The most memorable moments:

·      Rejuvenating Sunday brunch with friends who range in conversation from ethnic food to genetics.
·      The student who started out the semester in the back of the room, doing nothing but talking and being sent out, and after being moved to the front and various interventions, this week finished her third draft of an essay that actually made sense! She called me over to read it, and told me it’s the first real essay she’s ever written. Did I tear up? A little. But instead of crying I wrote her a note to take home and translate to her parents about how goshdarn awesome she’s been working.
·      The student who thought an appropriate response to a guy teasing her was to stand up, grab one of my whiteboard markers off the board, and chuck it as hard as she could at another student
·      When my last block was introduced to class points and magically hushed throughout the class period. MAGICAL!
·      The student who called me “racist” under her breath as I sent her out of the room
·      The student who dumped pencil shavings all over another student’s desk
·      The student who ate a piece of his test review in the back of the room
·      Four students who stayed after class three different days this week, one scoring triple his original score on a retest with me there to talk him through the questions.
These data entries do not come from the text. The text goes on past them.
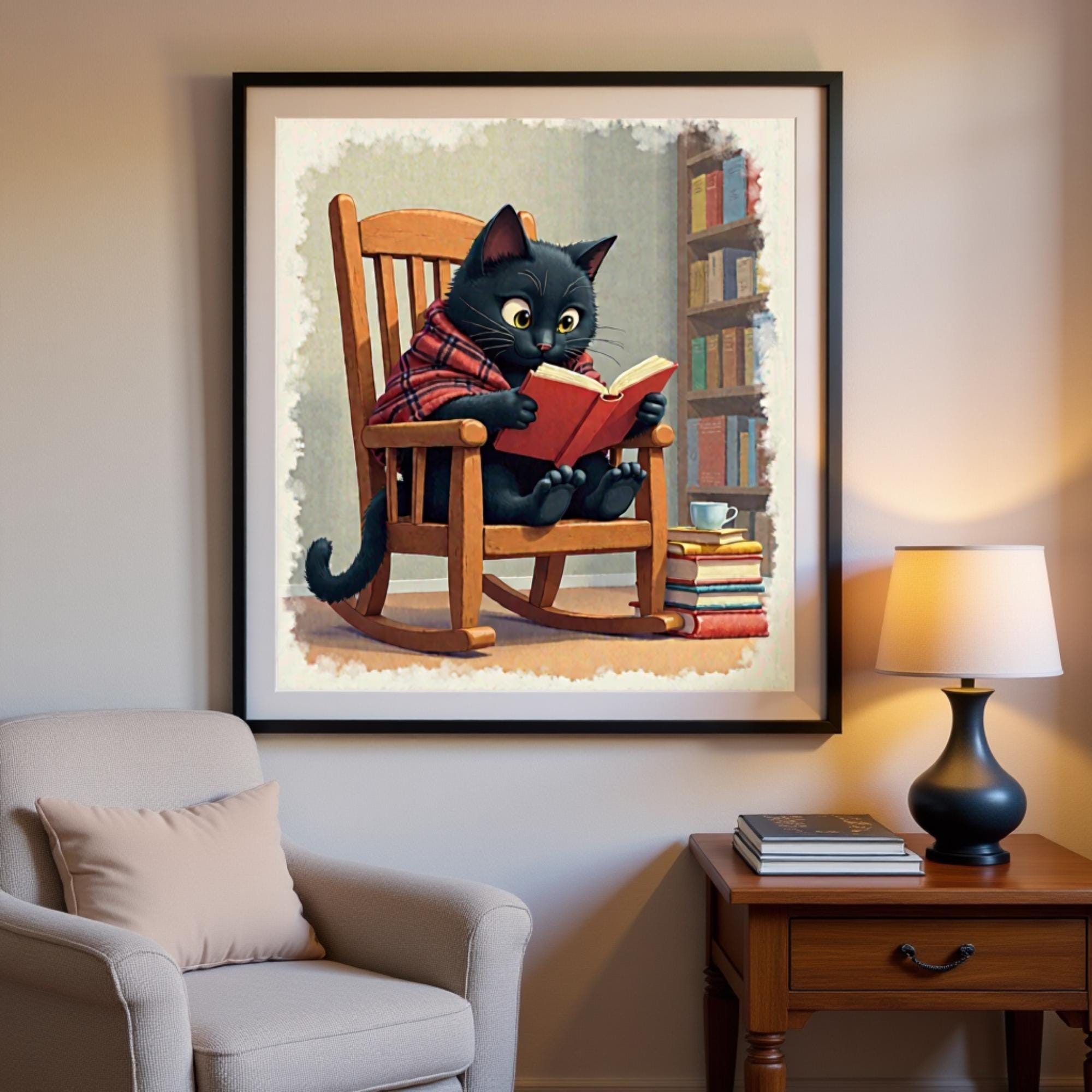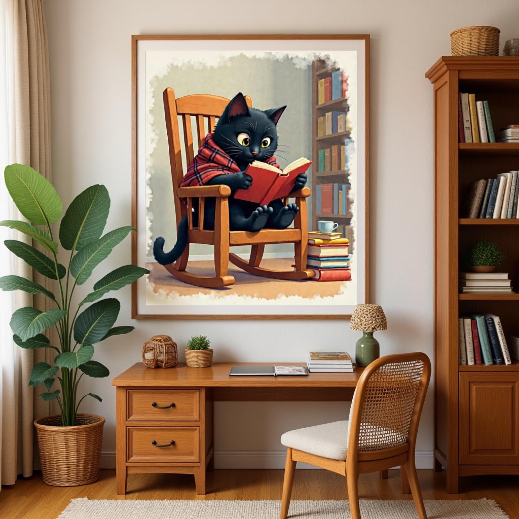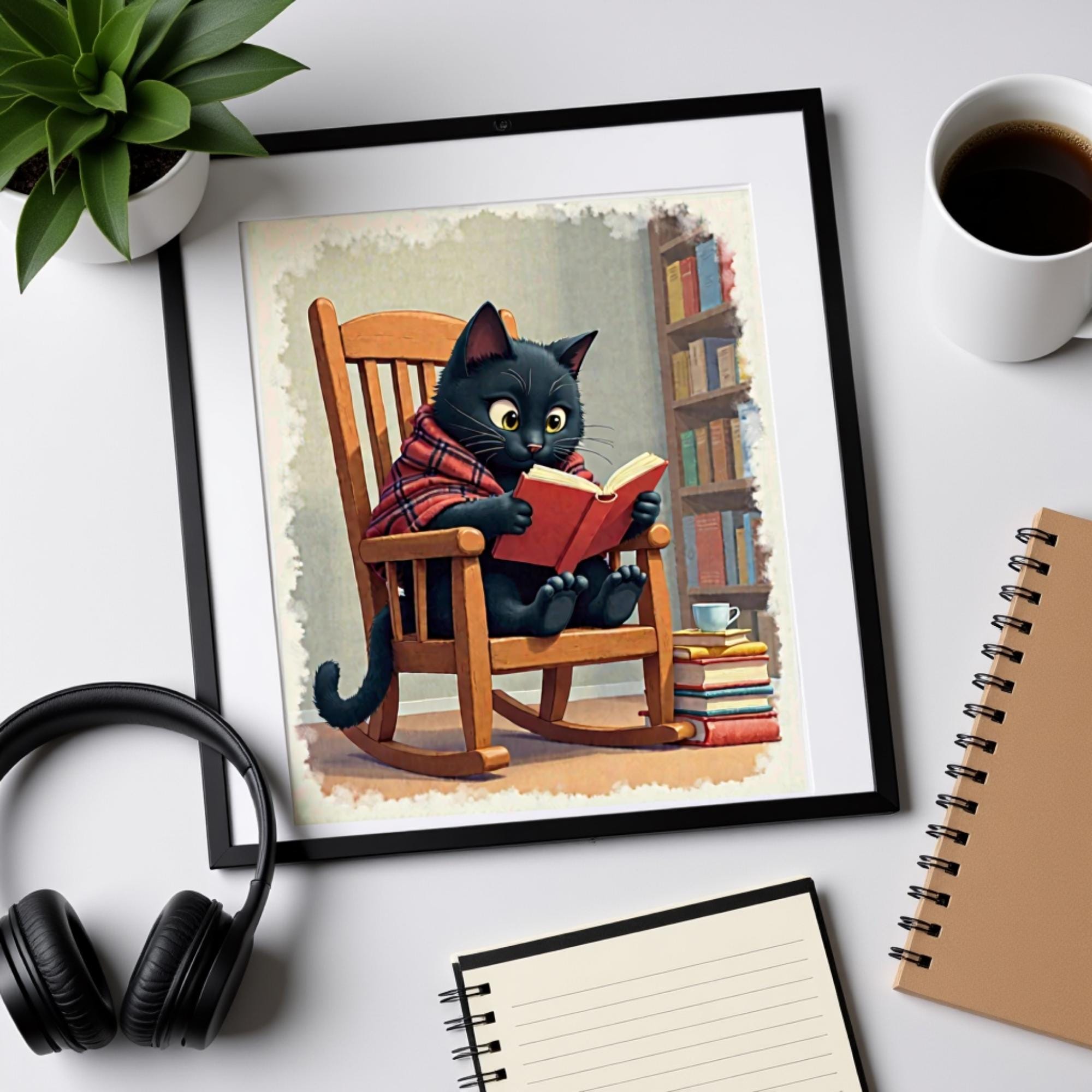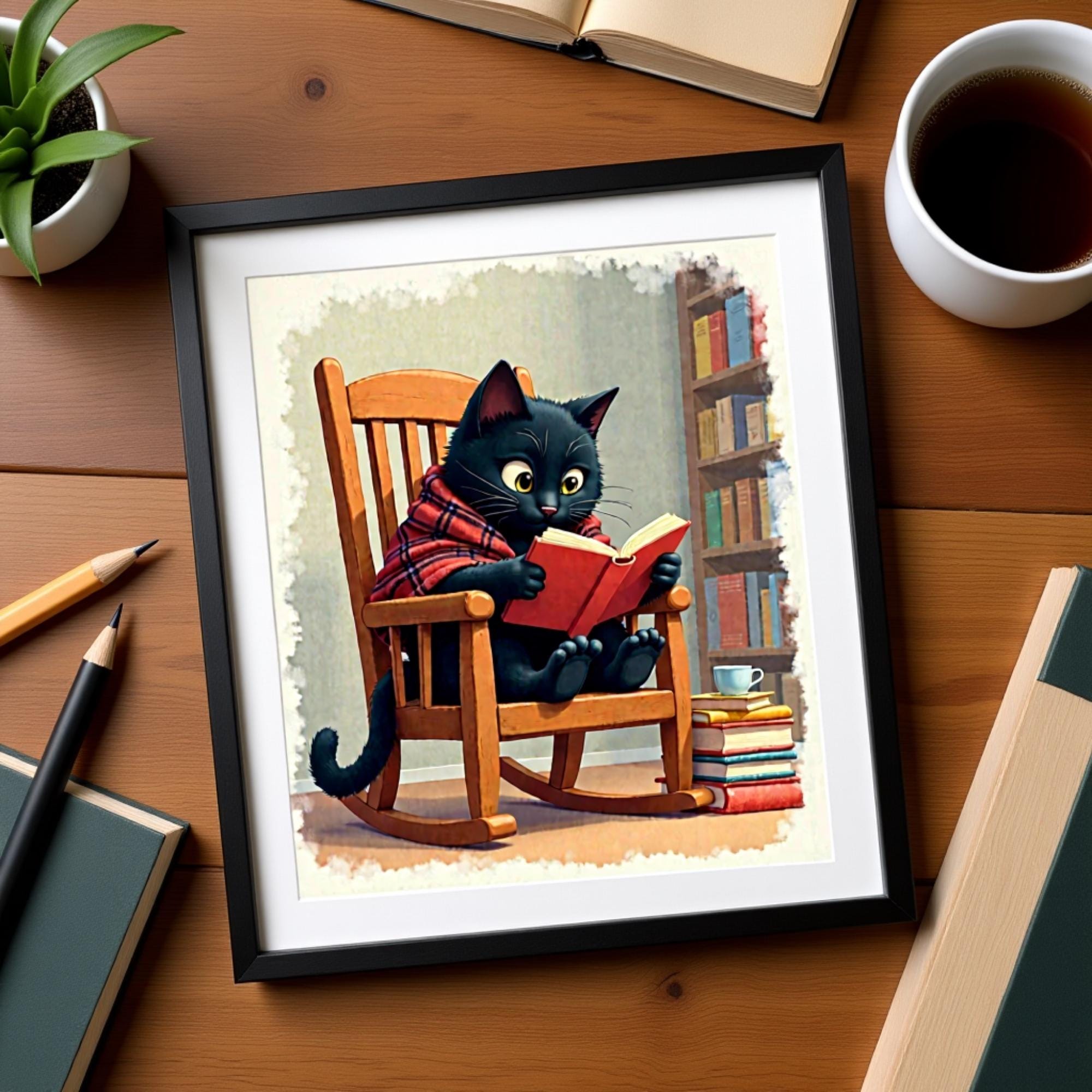 Crafted with care by The Turquoise Arts, this printable artwork brings a playful yet calming vibe to any space. The detailed illustration showcases a serene black cat wearing a plaid scarf, sitting in a wooden rocking chair surrounded by books and a warm, inviting atmosphere. This digital wall art is designed to inspire your love of reading and your affection for cats, making it a delightful addition to your decor.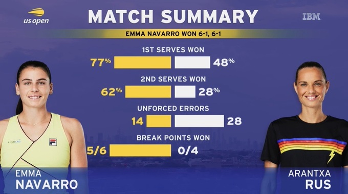 Четвертая ракетка США Эмма Наварро (№12 WTA) обыграла представительницу Нидерландов Аранчу Рус (№93 WTA) во втором раунде Открытого чемпионата США по теннису.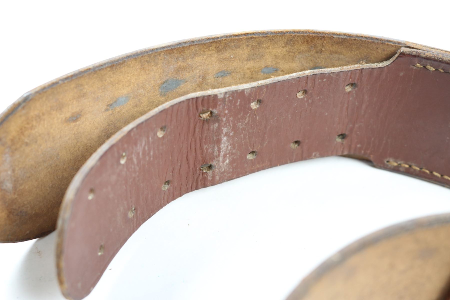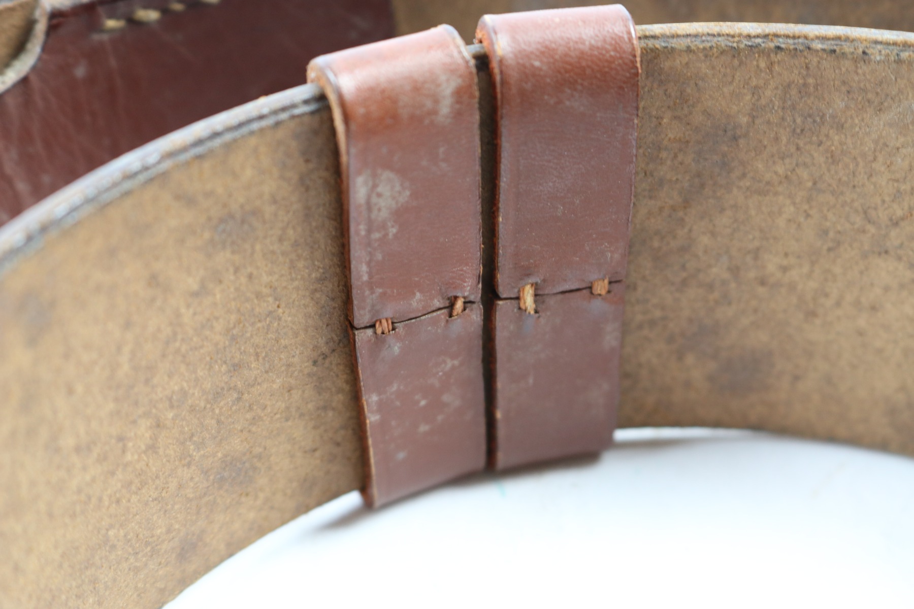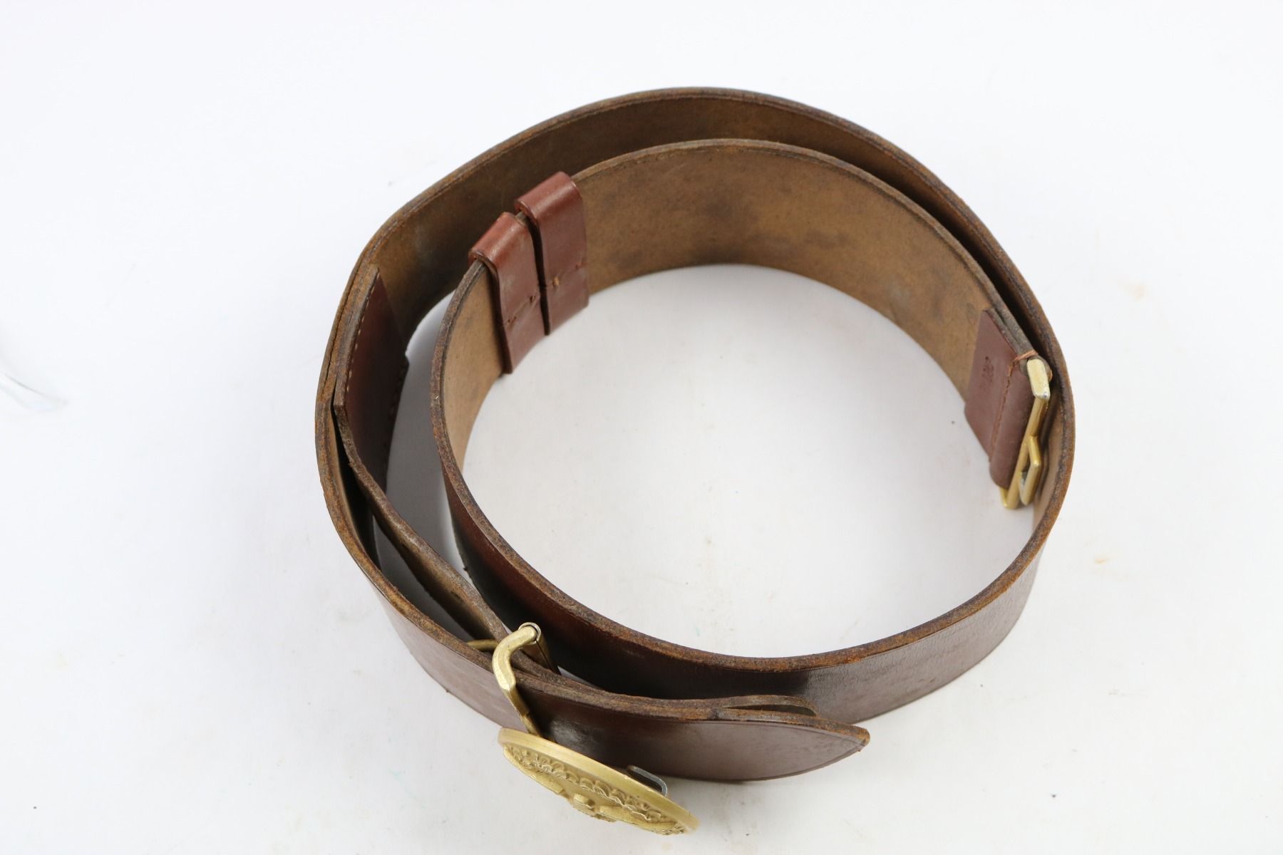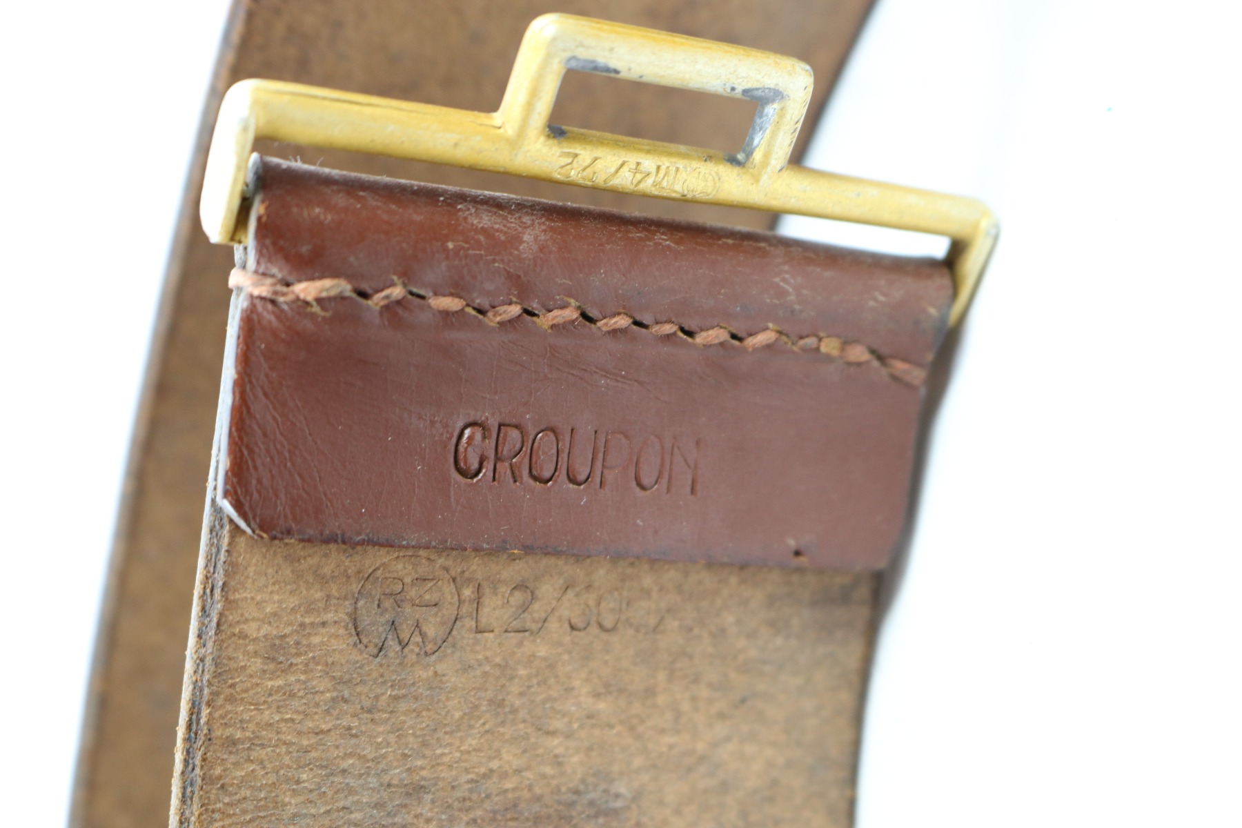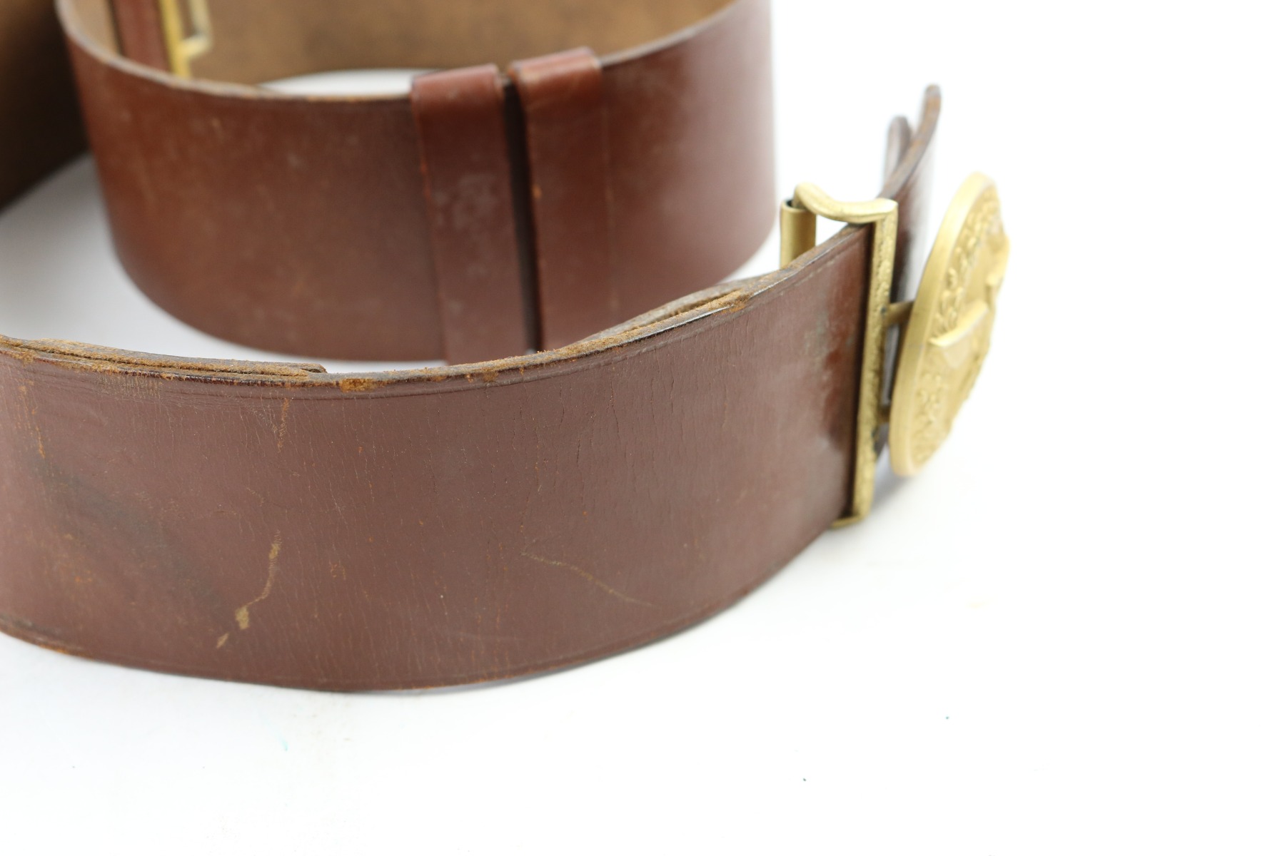 6/1/18 – This is an original WW2 Party Leader belt and buckle. They’re both in excellent condition and guaranteed original. The brown belt is strong leather and in minty conditoin overall – very clean with minimal wear. The buckle is minty as well with an RZM M4 / 24 maker stamp on the interior side. The belt is also RZM stamped and marked “Croupon”.

Gotta make that happen more.
·      Calling three parents of students who have had behavior issues to tell them how well their kids did in class that day—one parent said he’d never gotten a positive phone call from a teacher before.
·      The student who stayed during lunch to explain exactly what will help him learn the best.
·       It wasn’t in the classroom, but for my edu. Masters I got to write about the connection between Kohlberg’s levels
      of morality and student behavior—oh baby oh baby oh baby imagine a world where schools were run like kibbutzim, students responsible to a social contract and society they created! I ran wild with the paper and then demurely edited it down to hand in, but what joyous imaginings.  Next up: my attempt at the kibbutznik classroom.


Right now, this year is running a close tie with Norway for the best year of my life. It’s utterly, ridiculously different, but when it doesn't have me furrowing my brow, I'm exhilarated with it!